(Given data)

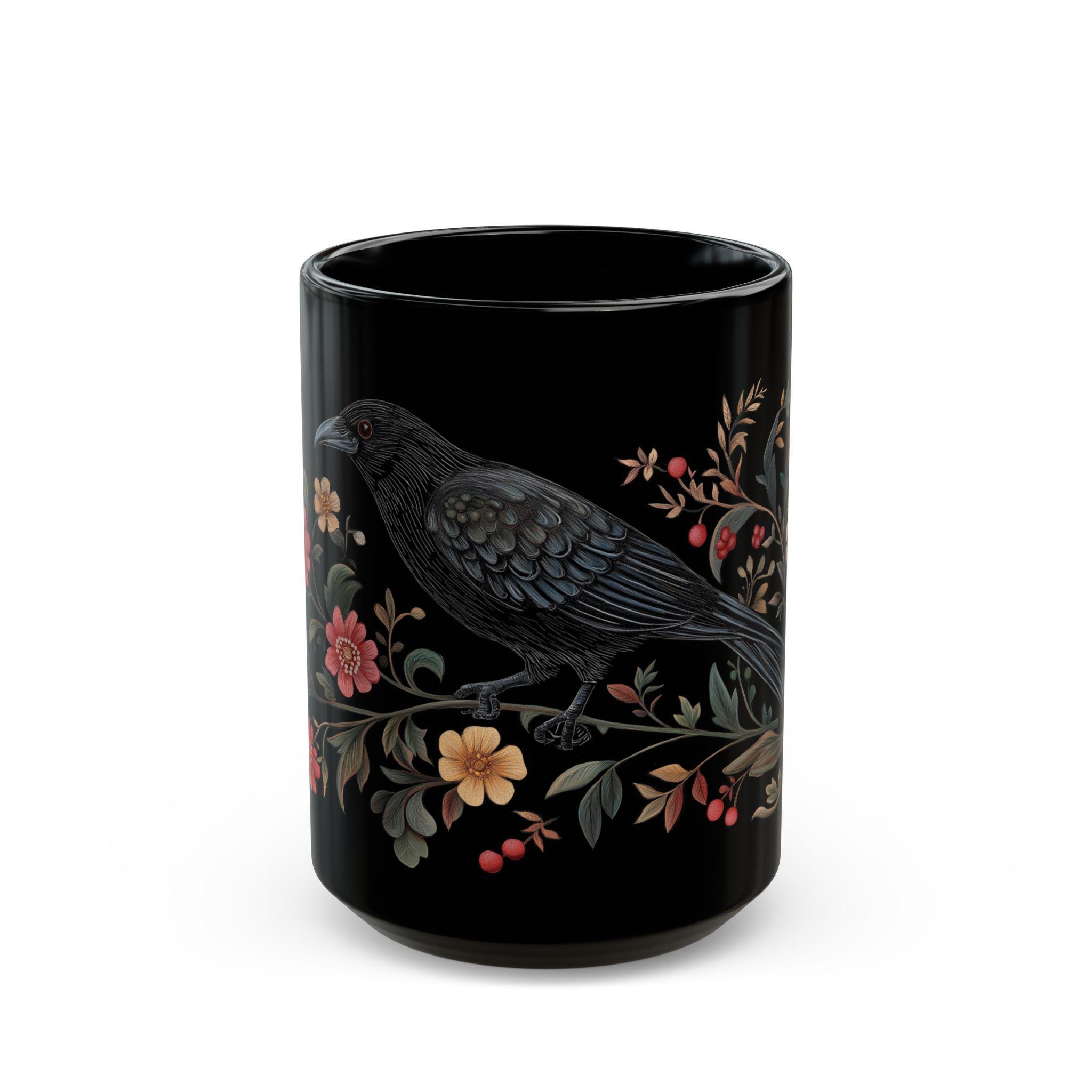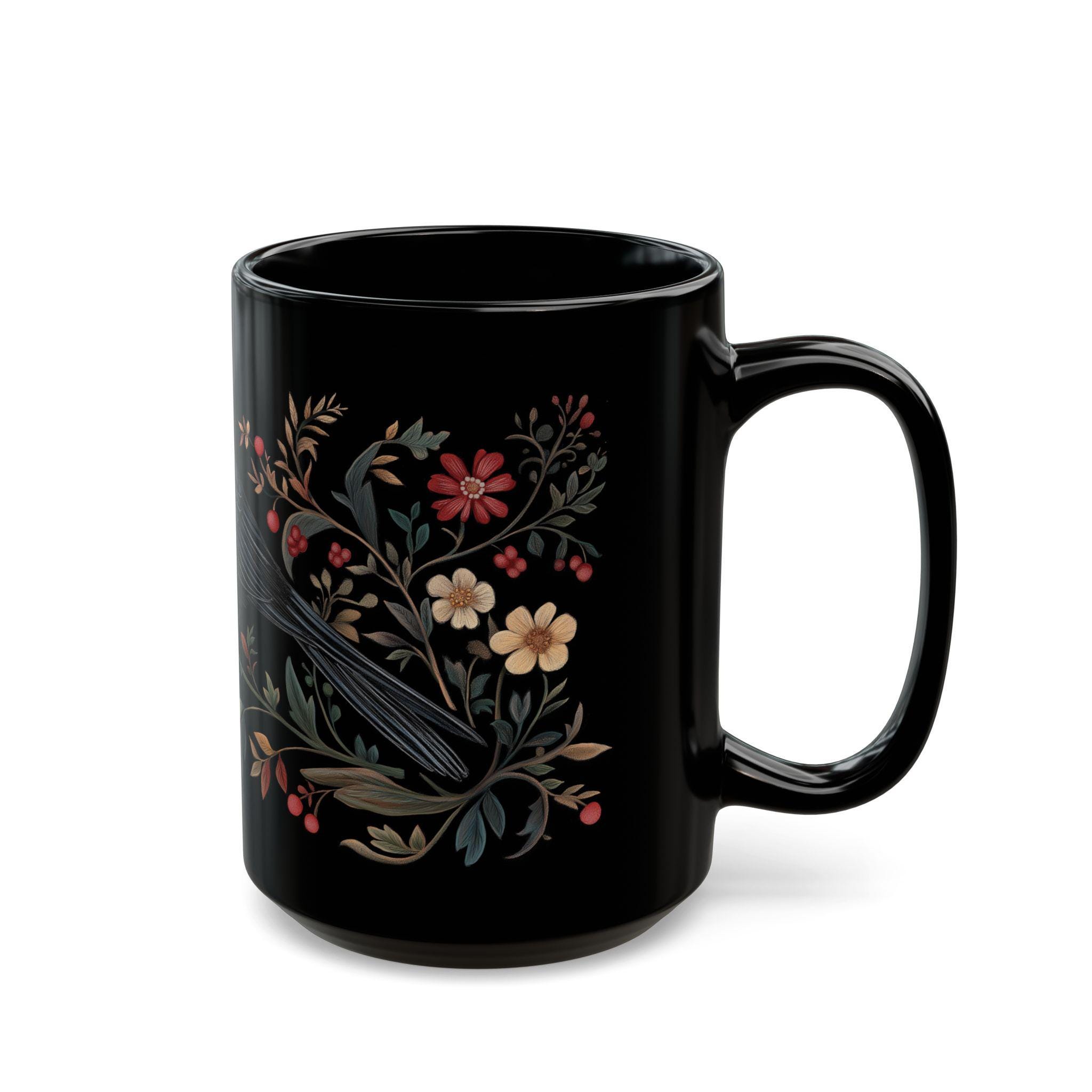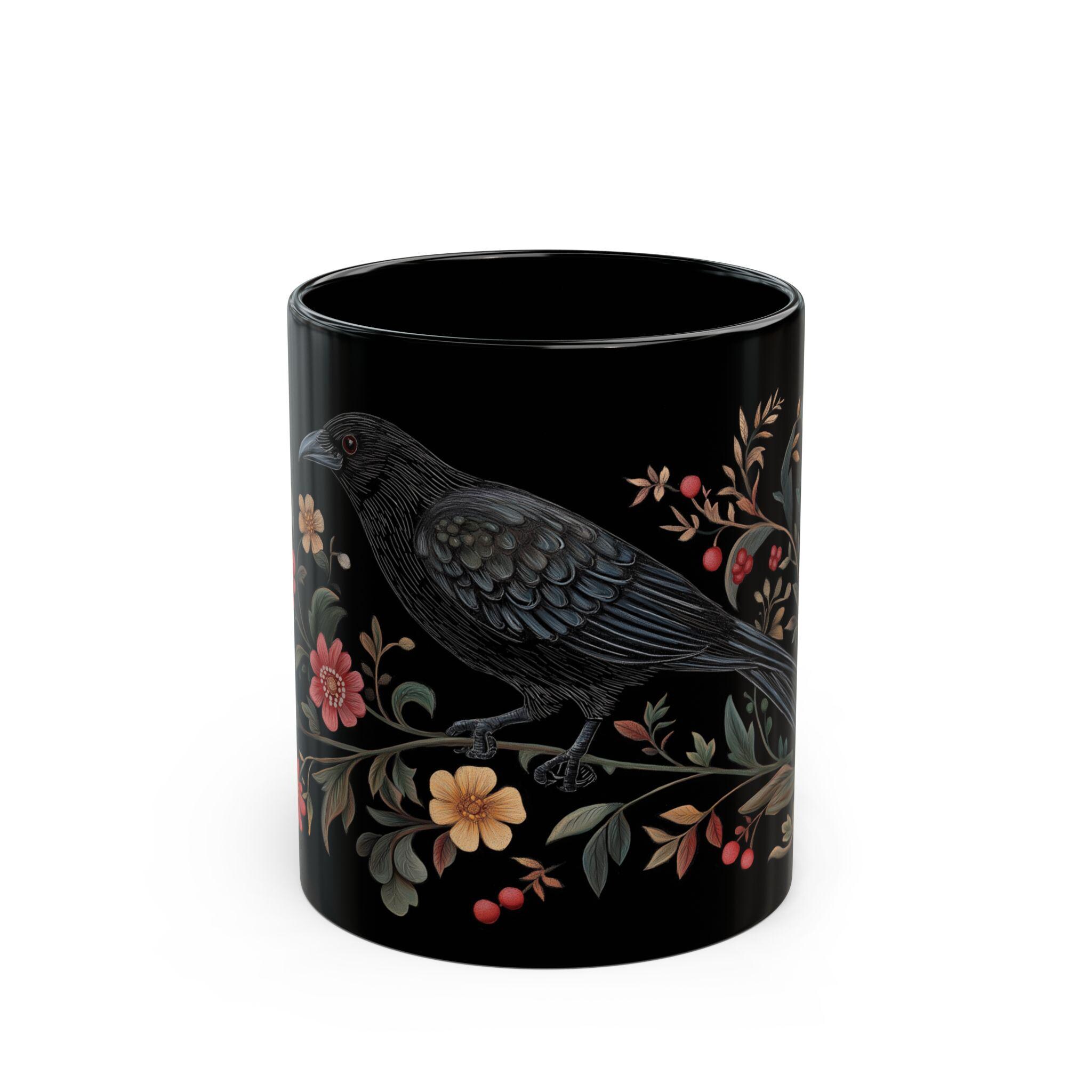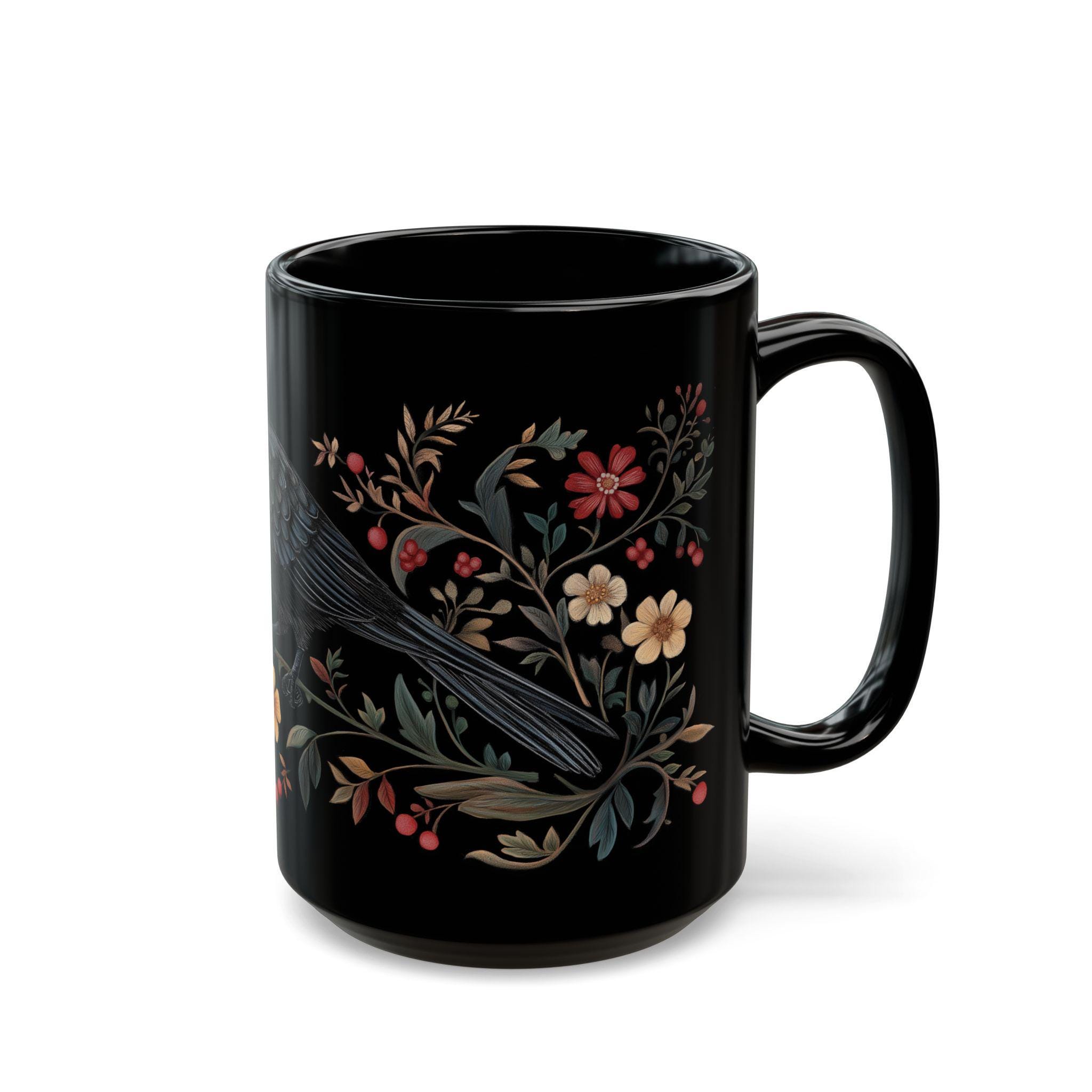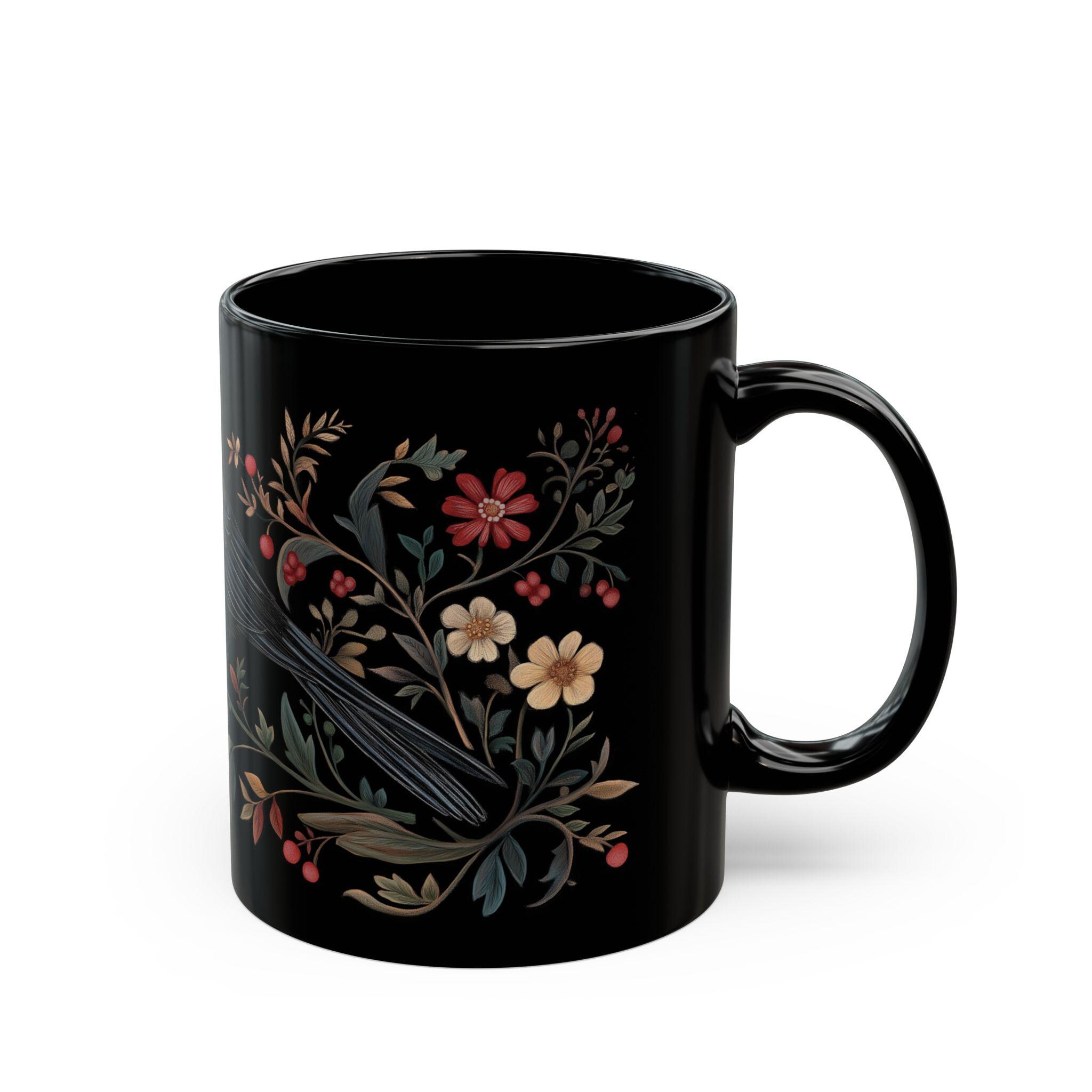 This Raven Floral Mug features intricate gothic medieval-inspired art, giving off a mysterious and dark vibe. Perfect for those who love unique, artistic designs, this mug is relevant for Halloween, goth enthusiasts, and fantasy lovers.
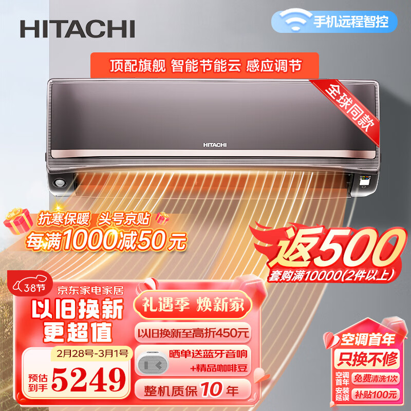 日立(HITACHI)白熊君新1级能效 1匹变频冷暖壁挂式空调智能wifi健康除菌智感睡眠 以旧换新 RAK/C-SH09PHAPC价格:5499.00元!
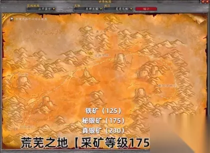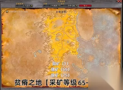 65-125级 贫瘠之地,65级开始挖锡矿,75级开始可以挖银矿。
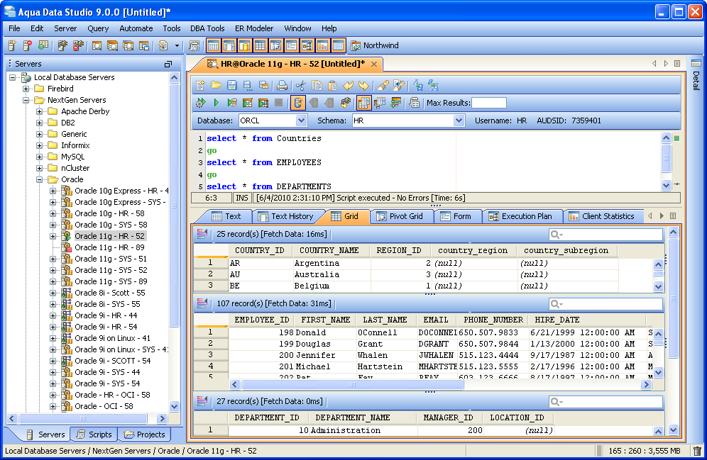 The Query Analyzer provides several different query results tools: Text Results, Oracle DBMS_OUTPUT, Text History Results, Grid Results, Pivot Grid Results, Form Results, Execution Plan, Client Statistics, and Script Details. Once a query has been executed within the Query Analyzer, the results display in a pane at the bottom of the Query Window with tabs for each result type (when enabled). The various results tabs are hidden or dsiplayed by clicking the results icons in the Main Application Toolbar or selecting them underneath the Main Application Query Menu. The Results Tabs in the Results Pane can be rearranged by dragging them into new positions. |
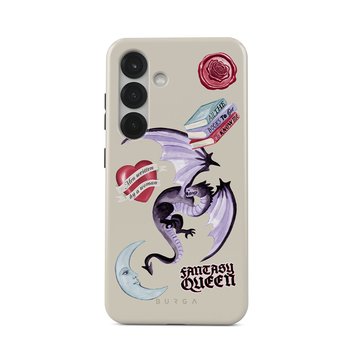 Este design contém: dragão roxo, adesivo "Rainha da Fantasia", lua crescente, lacre de cera roxa, coração com mensagem, livros.
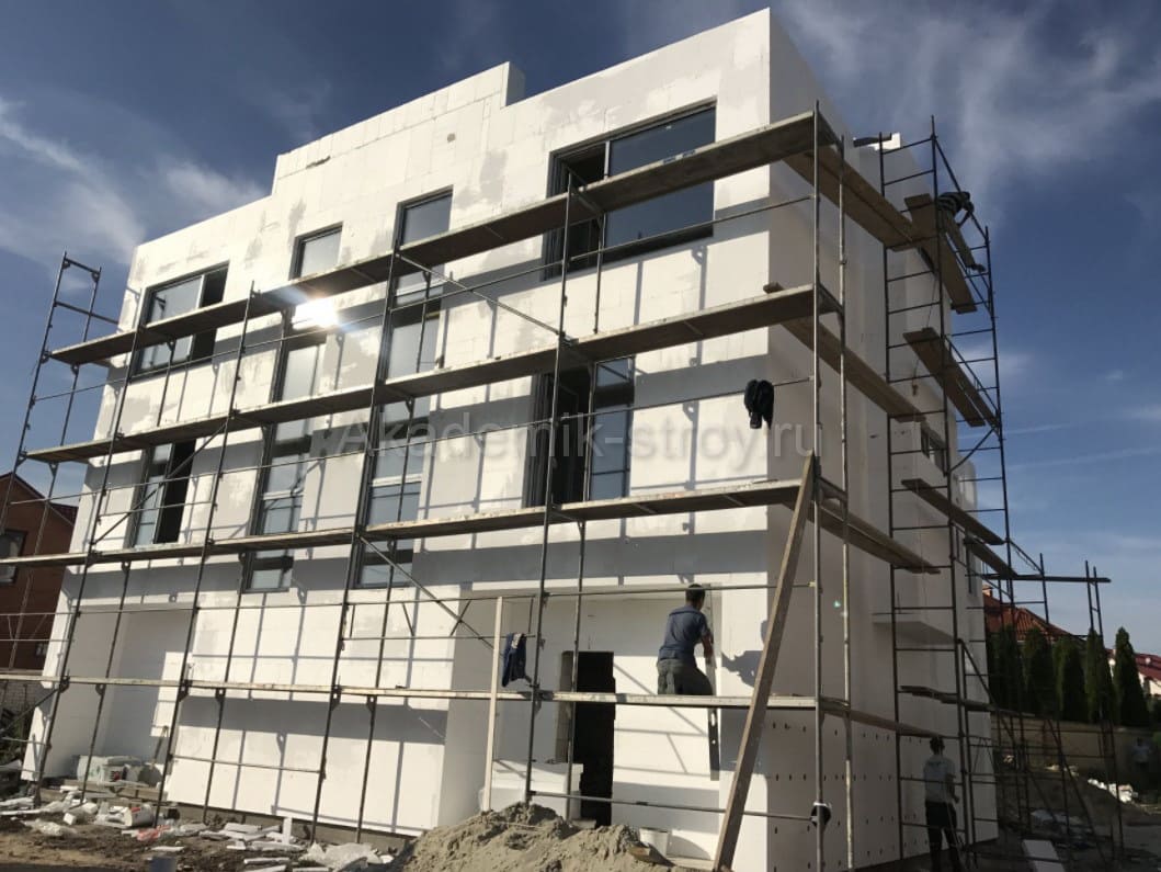 - Возведение фундамента. Оптимальным выбором для трёхэтажного дома становятся ленточные или свайные фундаменты, учитывающие нагрузку от стены и этажности.

(End Given data)

Exercise: Up to and including the line that holds "65-125级 贫瘠之地,65级开始挖锡矿,75级开始可以挖银矿。", restate word for word each line of the records from their start, and only those lines, leaving out the pictures.

Output of the exercise:
 This Raven Floral Mug features intricate gothic medieval-inspired art, giving off a mysterious and dark vibe. Perfect for those who love unique, artistic designs, this mug is relevant for Halloween, goth enthusiasts, and fantasy lovers.
 日立(HITACHI)白熊君新1级能效 1匹变频冷暖壁挂式空调智能wifi健康除菌智感睡眠 以旧换新 RAK/C-SH09PHAPC价格:5499.00元!
 65-125级 贫瘠之地,65级开始挖锡矿,75级开始可以挖银矿。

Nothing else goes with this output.